# McGraw Ford WMA



## 99Roadking (Oct 23, 2007)

Anyone else hunting Mcgraw Ford? I've been a few times, seen some rubs, tracks, and trails...but no deer yet. 
I've talked to a few other hunters there, and they tell the same story. 
Some deer have been taken though.

Anyway, just wanted to know if anyone else is spending any time there?

Mike


----------



## FVR (Oct 27, 2007)

Well, there has been 20 guys who signed in, 8 have shot deer, 3 were 8pts.

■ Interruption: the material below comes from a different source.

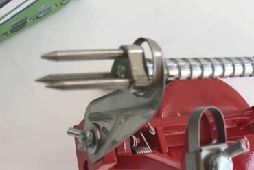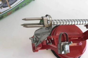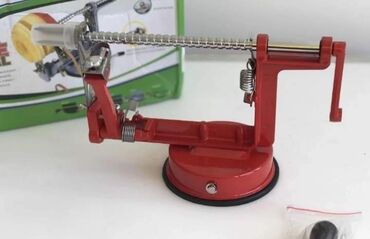 Postavite jabuku na metalni deo sa tri šiljka i počnite da okrećete ručku, dovoljno je da par puta okrenete ručku i jabuka je oljuštena!

I'll be venturing back in.


----------



## hicktownboy (Oct 28, 2007)

I live not too far from there.  Hunted it hard about 2 years ago.  All I ever saw was does.  Always good sign close to the river.  Love huntin there and would probably still, but got tired of people driving through my hunt.  Heard there were a couple good ones shot this year already.  I seen a bear up there once.  There is some good property on the north side of 372 on the left past the river if you are coming from Ball ground.  Good hardwood bottoms and some thick pines.  Good luck!  Hope I put you on a big one.


----------



## bigmthbass (Oct 28, 2007)

can anyone give directions from cartersville.. i want to give that place a try


----------



## hicktownboy (Oct 28, 2007)

bigmthbass i sent you a PM.


----------



## 99Roadking (Oct 28, 2007)

Thanks for the info hicktownboy.
I was out again this morning till 12:00. Located some good rubs and a scrape. Way back in there. 
The harvest record shows a couple of nice bucks and some does.

Thanks again.


----------



## pnome (Oct 28, 2007)

Been once so far.  No luck.


----------



## FVR (Oct 30, 2007)

When I lived in Alpharetta I use to hunt there alot.  Missed my share of critters, matter of fact it was the firest place where I ran into hogs.

On the main road leaving Ballground, they are bulldozing right before the Etowah, probably kind of noisy until you get back into the woods.

I'm usually an hour hunter there.  Stop on my way home from work.  

Did find a nice rub line on small 1/2" trees one late afternoon last week.


----------



## hicktownboy (Oct 30, 2007)

FVR said:


> When I lived in Alpharetta I use to hunt there alot.  Missed my share of critters, matter of fact it was the firest place where I ran into hogs.
> 
> On the main road leaving Ballground, they are bulldozing right before the Etowah, probably kind of noisy until you get back into the woods.
> 
> ...



Hogs??  Where at??  I seen a bear, but no hogs.


----------



## Country Road (Oct 30, 2007)

Hogs??!!! I travel by there every day back and forth to work across the Etowah on 372. I love to hunt for hogs. Does it have small games season on it that a person might get in there with a smoke pole to go after them?


----------



## FVR (Oct 30, 2007)

I have not really hunted there in years.  It does have a small game and duck season.

I've hunted small game there with my GPR years back.  Matter of fact we had a COHT hog hunt there years back.


----------



## fflintlock (Oct 31, 2007)

Ah yes Frank, the million mile walk ! LOL
We seen plenty of hog sign, but did'nt see any hogs. There there some where. Pretty place back in there. That was a good hunt !
Jerald


----------